TASK MATERIAL Block Start

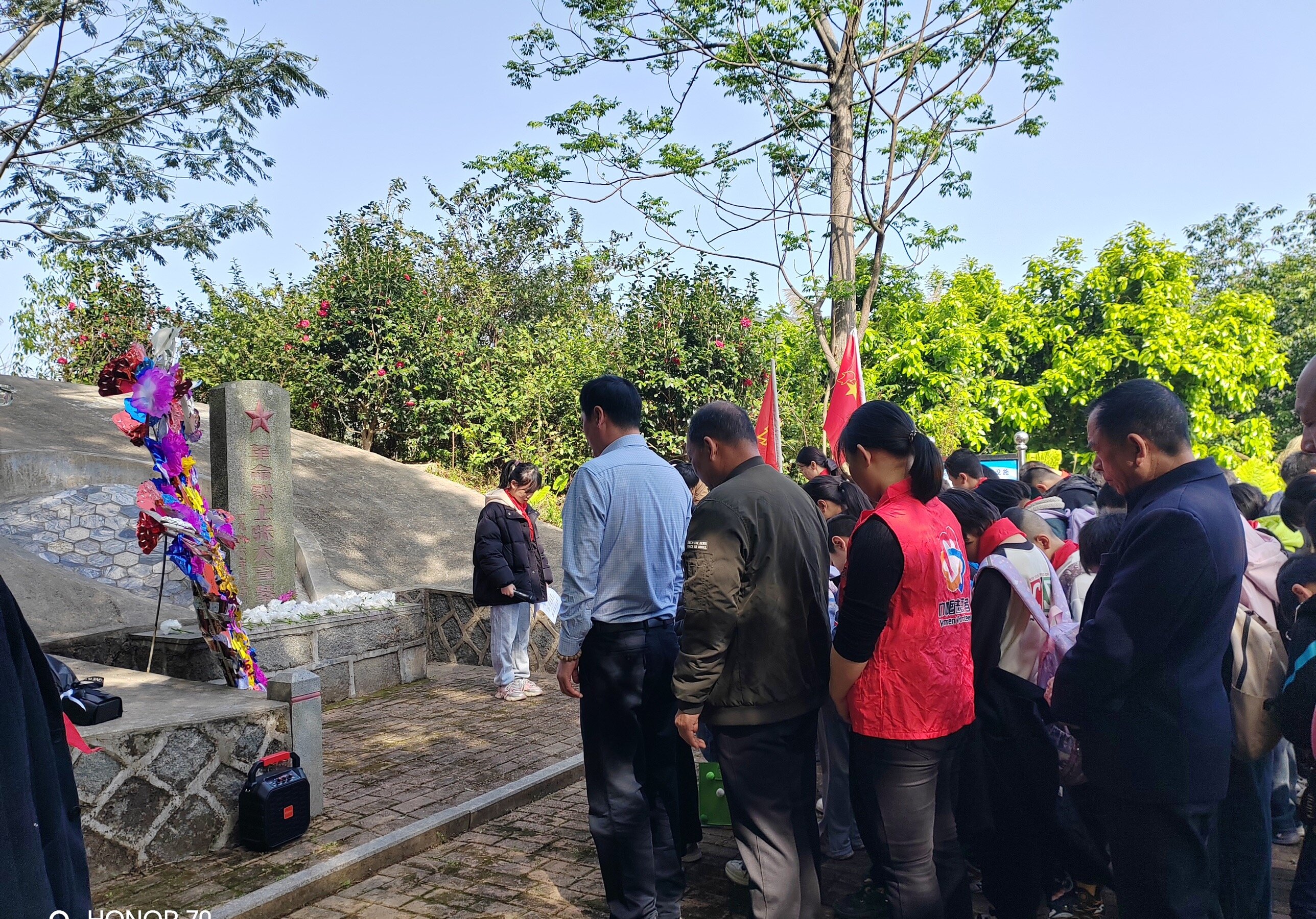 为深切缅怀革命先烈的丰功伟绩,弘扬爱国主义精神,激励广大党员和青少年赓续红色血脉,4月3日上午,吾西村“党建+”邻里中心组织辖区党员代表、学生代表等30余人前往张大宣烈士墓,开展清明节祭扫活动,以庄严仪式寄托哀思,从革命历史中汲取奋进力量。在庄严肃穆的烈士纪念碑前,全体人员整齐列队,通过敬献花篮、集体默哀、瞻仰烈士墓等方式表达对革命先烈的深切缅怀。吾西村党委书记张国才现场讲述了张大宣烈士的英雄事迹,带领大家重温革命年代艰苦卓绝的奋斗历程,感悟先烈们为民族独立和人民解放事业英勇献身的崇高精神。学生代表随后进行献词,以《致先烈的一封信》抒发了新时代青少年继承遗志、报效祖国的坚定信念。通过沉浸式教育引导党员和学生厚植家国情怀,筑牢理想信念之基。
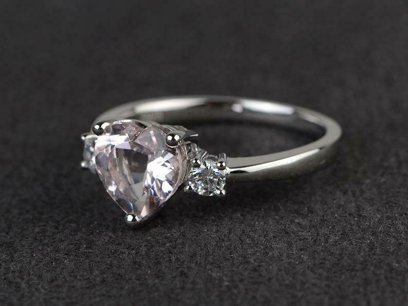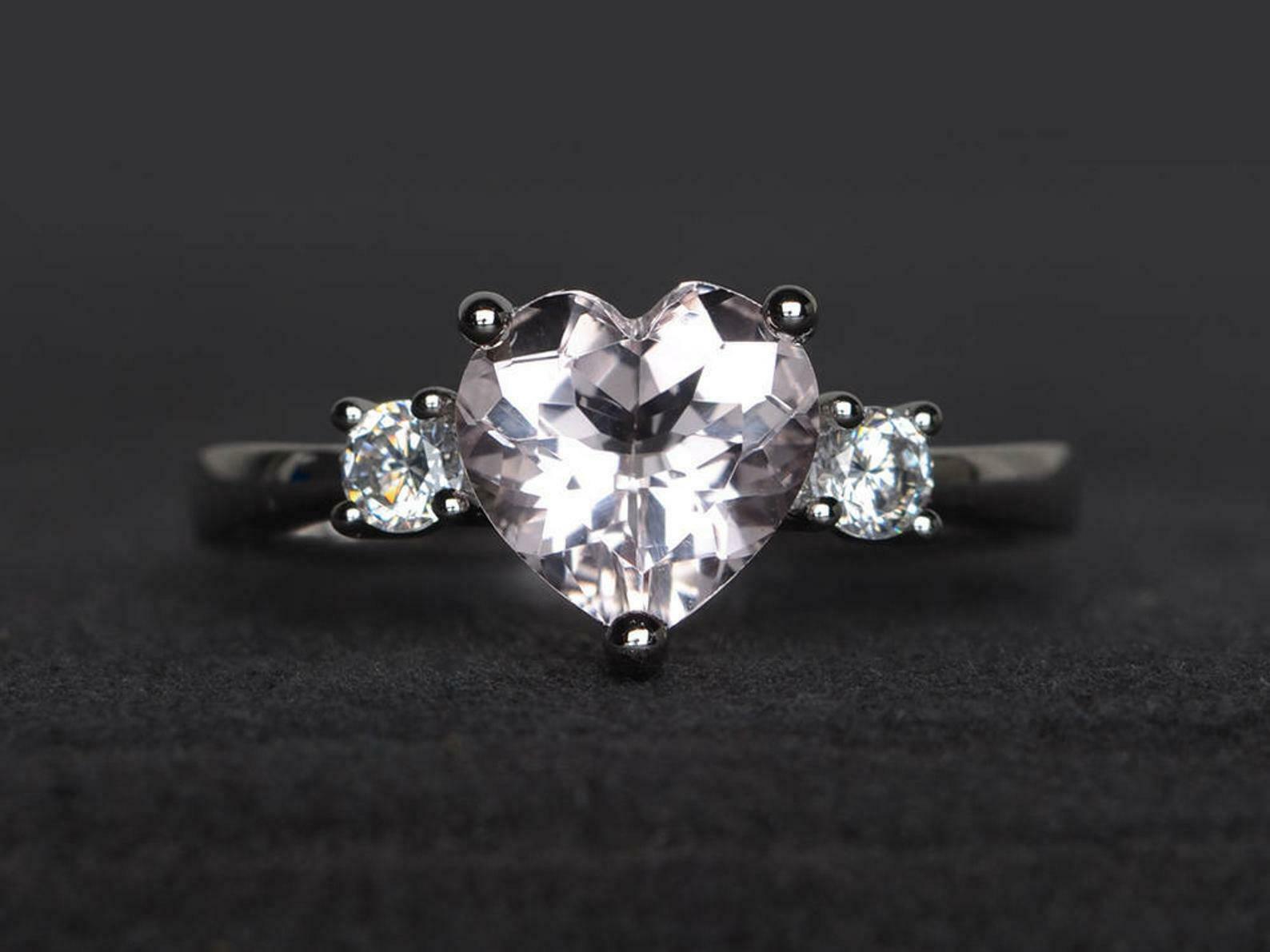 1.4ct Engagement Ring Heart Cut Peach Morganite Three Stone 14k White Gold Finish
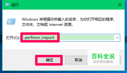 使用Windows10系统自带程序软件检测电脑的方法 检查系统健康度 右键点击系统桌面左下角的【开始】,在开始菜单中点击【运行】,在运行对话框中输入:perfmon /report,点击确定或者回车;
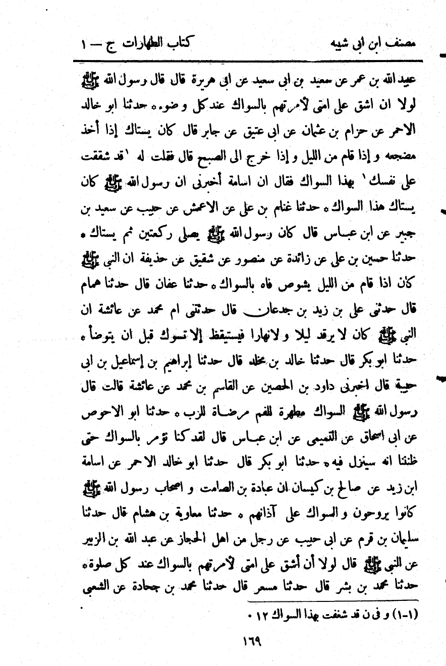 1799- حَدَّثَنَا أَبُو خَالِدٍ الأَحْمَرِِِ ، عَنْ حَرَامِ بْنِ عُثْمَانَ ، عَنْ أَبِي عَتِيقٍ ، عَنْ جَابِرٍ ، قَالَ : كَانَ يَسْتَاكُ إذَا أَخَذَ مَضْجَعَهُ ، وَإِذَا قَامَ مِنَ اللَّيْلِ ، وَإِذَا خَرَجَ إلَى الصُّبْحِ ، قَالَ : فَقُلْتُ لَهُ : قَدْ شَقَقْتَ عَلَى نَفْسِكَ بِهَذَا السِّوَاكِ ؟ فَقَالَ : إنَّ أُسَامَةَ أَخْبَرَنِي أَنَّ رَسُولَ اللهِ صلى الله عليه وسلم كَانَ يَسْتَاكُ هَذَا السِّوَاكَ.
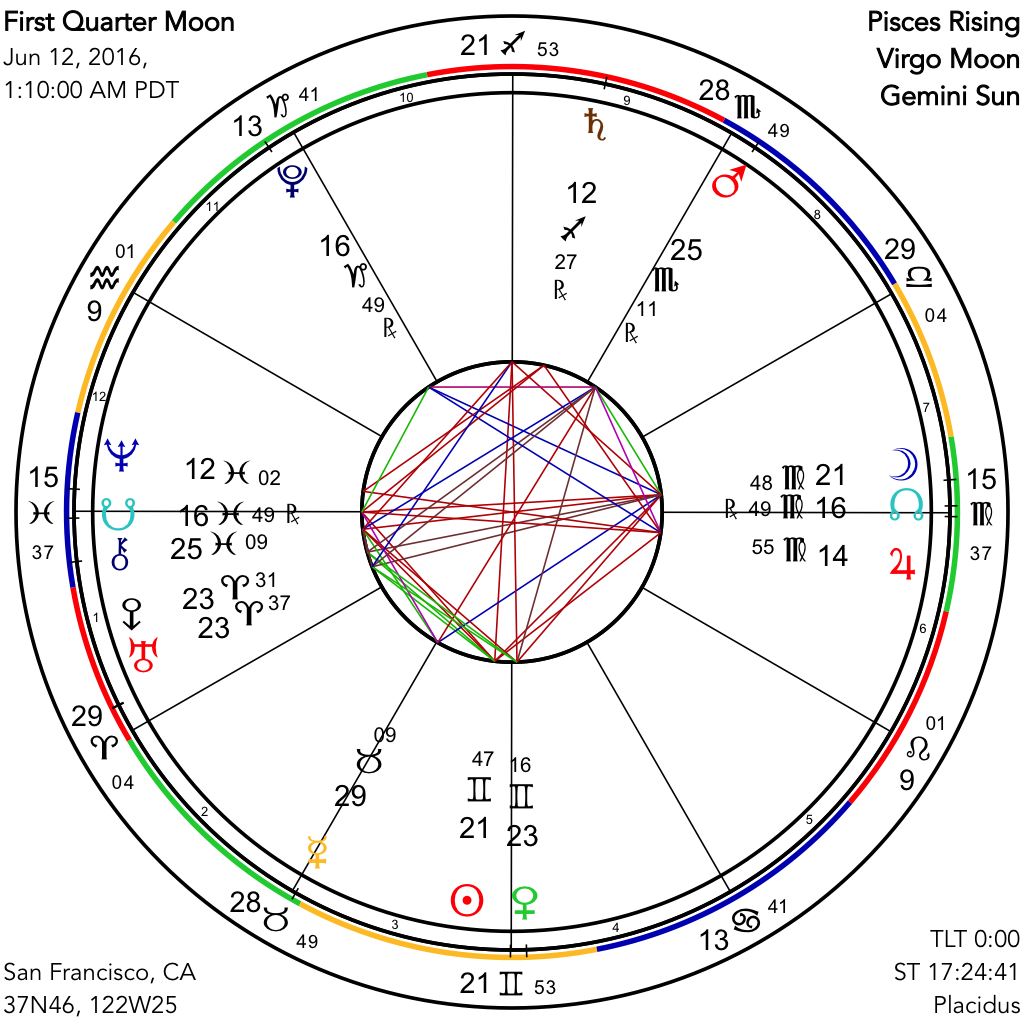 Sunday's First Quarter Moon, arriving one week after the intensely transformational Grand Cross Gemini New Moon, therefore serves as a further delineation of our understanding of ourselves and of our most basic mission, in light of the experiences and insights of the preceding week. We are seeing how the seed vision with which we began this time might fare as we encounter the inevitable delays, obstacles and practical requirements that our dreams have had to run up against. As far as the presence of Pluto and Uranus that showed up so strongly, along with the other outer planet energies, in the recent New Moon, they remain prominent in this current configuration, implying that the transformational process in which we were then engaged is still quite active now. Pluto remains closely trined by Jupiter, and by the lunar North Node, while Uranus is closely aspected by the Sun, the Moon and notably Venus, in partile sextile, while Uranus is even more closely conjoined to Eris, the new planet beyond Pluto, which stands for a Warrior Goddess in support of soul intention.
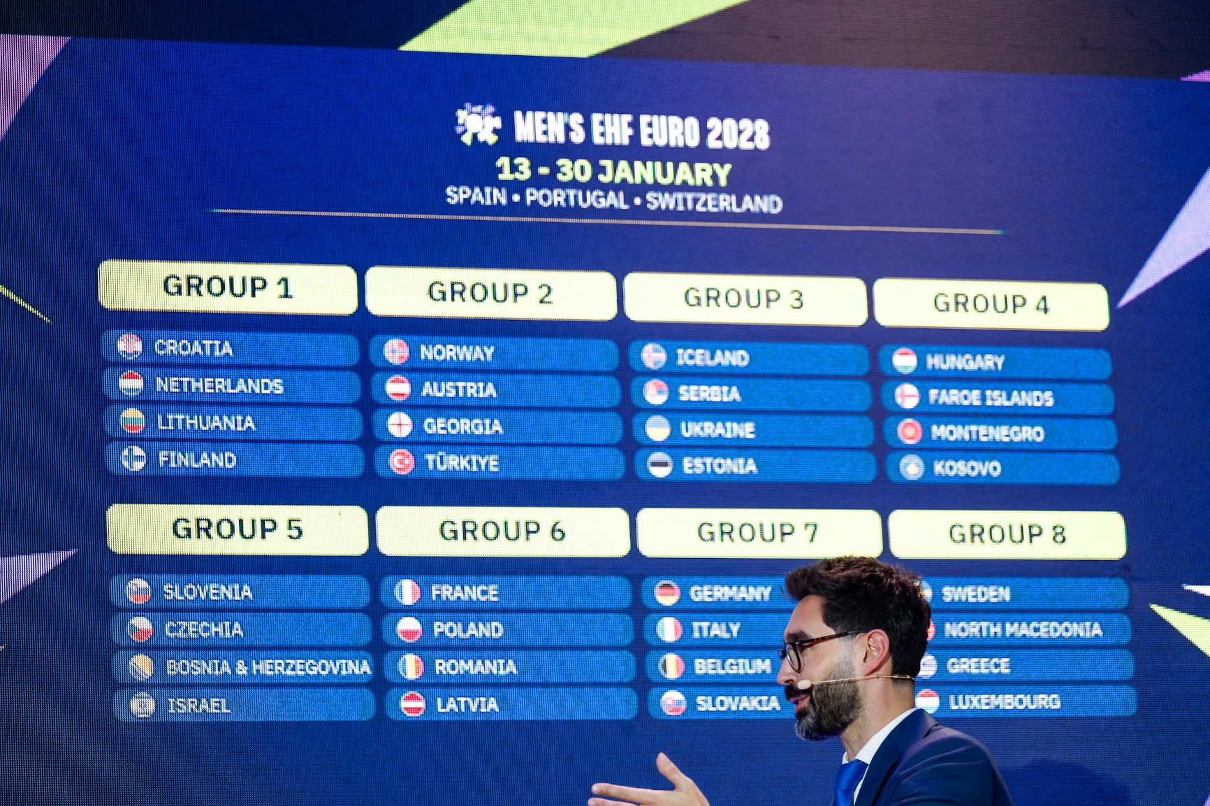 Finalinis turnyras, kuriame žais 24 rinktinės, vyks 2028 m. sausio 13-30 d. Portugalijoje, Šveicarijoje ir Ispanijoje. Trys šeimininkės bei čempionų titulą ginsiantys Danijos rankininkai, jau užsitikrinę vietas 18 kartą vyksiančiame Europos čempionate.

TASK MATERIAL Block End

**EXERCISE INSTRUCTIONS**. From the first line to the last, repeat the entries exactly and leave out the pictures.

**YOUR SOLUTION**.
 为深切缅怀革命先烈的丰功伟绩,弘扬爱国主义精神,激励广大党员和青少年赓续红色血脉,4月3日上午,吾西村“党建+”邻里中心组织辖区党员代表、学生代表等30余人前往张大宣烈士墓,开展清明节祭扫活动,以庄严仪式寄托哀思,从革命历史中汲取奋进力量。在庄严肃穆的烈士纪念碑前,全体人员整齐列队,通过敬献花篮、集体默哀、瞻仰烈士墓等方式表达对革命先烈的深切缅怀。吾西村党委书记张国才现场讲述了张大宣烈士的英雄事迹,带领大家重温革命年代艰苦卓绝的奋斗历程,感悟先烈们为民族独立和人民解放事业英勇献身的崇高精神。学生代表随后进行献词,以《致先烈的一封信》抒发了新时代青少年继承遗志、报效祖国的坚定信念。通过沉浸式教育引导党员和学生厚植家国情怀,筑牢理想信念之基。
 1.4ct Engagement Ring Heart Cut Peach Morganite Three Stone 14k White Gold Finish
 使用Windows10系统自带程序软件检测电脑的方法 检查系统健康度 右键点击系统桌面左下角的【开始】,在开始菜单中点击【运行】,在运行对话框中输入:perfmon /report,点击确定或者回车;
 1799- حَدَّثَنَا أَبُو خَالِدٍ الأَحْمَرِِِ ، عَنْ حَرَامِ بْنِ عُثْمَانَ ، عَنْ أَبِي عَتِيقٍ ، عَنْ جَابِرٍ ، قَالَ : كَانَ يَسْتَاكُ إذَا أَخَذَ مَضْجَعَهُ ، وَإِذَا قَامَ مِنَ اللَّيْلِ ، وَإِذَا خَرَجَ إلَى الصُّبْحِ ، قَالَ : فَقُلْتُ لَهُ : قَدْ شَقَقْتَ عَلَى نَفْسِكَ بِهَذَا السِّوَاكِ ؟ فَقَالَ : إنَّ أُسَامَةَ أَخْبَرَنِي أَنَّ رَسُولَ اللهِ صلى الله عليه وسلم كَانَ يَسْتَاكُ هَذَا السِّوَاكَ.
 Sunday's First Quarter Moon, arriving one week after the intensely transformational Grand Cross Gemini New Moon, therefore serves as a further delineation of our understanding of ourselves and of our most basic mission, in light of the experiences and insights of the preceding week. We are seeing how the seed vision with which we began this time might fare as we encounter the inevitable delays, obstacles and practical requirements that our dreams have had to run up against. As far as the presence of Pluto and Uranus that showed up so strongly, along with the other outer planet energies, in the recent New Moon, they remain prominent in this current configuration, implying that the transformational process in which we were then engaged is still quite active now. Pluto remains closely trined by Jupiter, and by the lunar North Node, while Uranus is closely aspected by the Sun, the Moon and notably Venus, in partile sextile, while Uranus is even more closely conjoined to Eris, the new planet beyond Pluto, which stands for a Warrior Goddess in support of soul intention.
 Finalinis turnyras, kuriame žais 24 rinktinės, vyks 2028 m. sausio 13-30 d. Portugalijoje, Šveicarijoje ir Ispanijoje. Trys šeimininkės bei čempionų titulą ginsiantys Danijos rankininkai, jau užsitikrinę vietas 18 kartą vyksiančiame Europos čempionate.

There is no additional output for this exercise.